Pittsburgh’s Foodie History

2013-11-30 14.59.47While doing a book signing last week at Mystery Lovers Bookshop, one of the staff members handed me a fabulous new book (that’s technically not out yet). Pittsburgh Chef’s Table: Extraordinary Recipes from the Steel City is a nifty set of recipes from some of the city’s most prominent chefs as well as rising stars, collected by the bloggers over at Eat Pgh. As I skimmed through page after page of gorgeous photography, noting the restaurants I’ve been to, what really struck me about the book is its secondary function: time capsule.

It’s common knowledge that the restaurant industry is one of the toughest, with most new eateries closing within five years of opening their doors. This book, with its who’s who of the Pittsburgh culinary scene, probably already contains a few out-of-date entries as chefs come and go.

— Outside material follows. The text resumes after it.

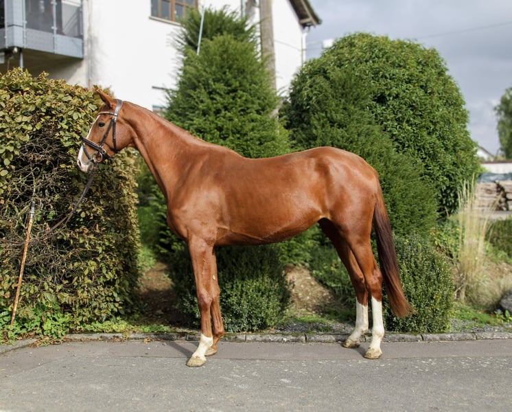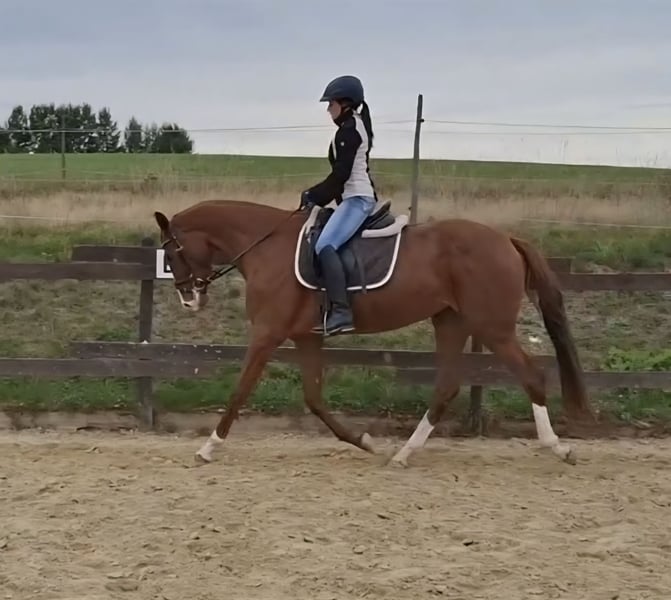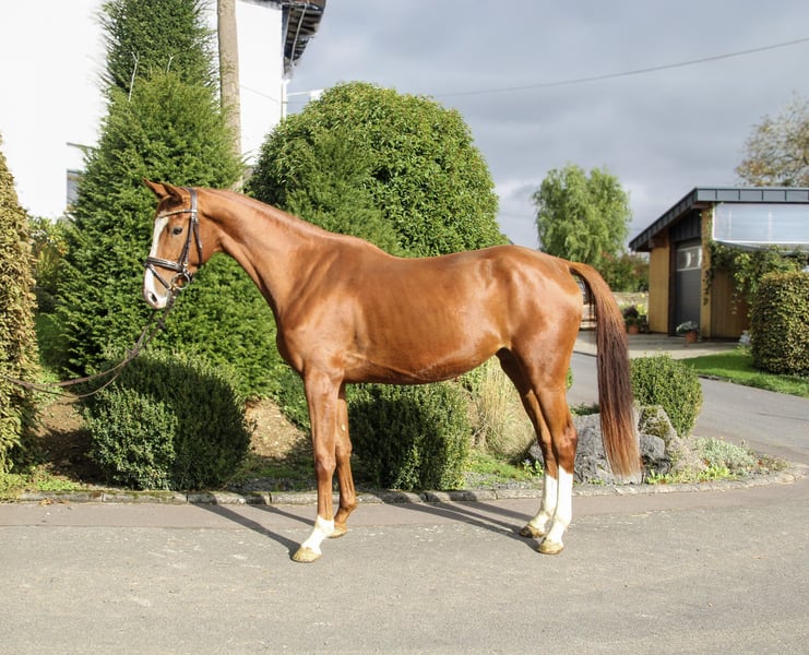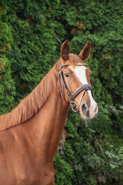 For sale is this exceptionally human-oriented mare by Farbenspiel. She impresses not only with her beauty but also with her intelligence and willingness to perform. She is currently being backed and shows a very unbothered attitude towards the rider. She has immense trust in humans and actively seeks daily cuddling sessions. She was raised on large pastures within a herd, where she spent summers outdoors 24/7 and winters in an open stable with daily pasture turnout. If you are looking for something special, this mare is a true jackpot. She is affectionate, eager to perform, intelligent, and level-headed.

2013-12-04 20.12.19With these thoughts still fresh in my mind, I came across The Flavor of Pittsburgh at another book signing today at Amazing Books. Published in 1976, it gives a nod to both current and former dining establishments and includes recipes from local newspapers and women’s publications (Some interesting entries include Green Beans Westinghouse, Colonial Aphrodisiac Salad and Whale & Monkey Hot Fruit Soup.). A fantastic collection of historic photographs is interspersed throughout.

The book was produced by the Pittsburgh Diners Guild, which appears to have been a dining loyalty program headquartered in the Frick Building. A 1978 newspaper ad for the organization touts a discount of $6.50 at 29 area restaurants, including many featured in the book. Most of the restaurants mentioned therein now exist only in memory, such as Lemon Tree (McKeesport), Tavern on the Pike (Churchill), Johnny Lounder’s (Robinson) and Tivoli (Penn Hills).

In five to ten years, Pittsburgh Chef’s Table may be more valuable as an historic portrait of the 2013 dining scene than as a catalog of restaurants to try. Perhaps that’s even more reason to get out and try some of its featured establishments sooner rather than later.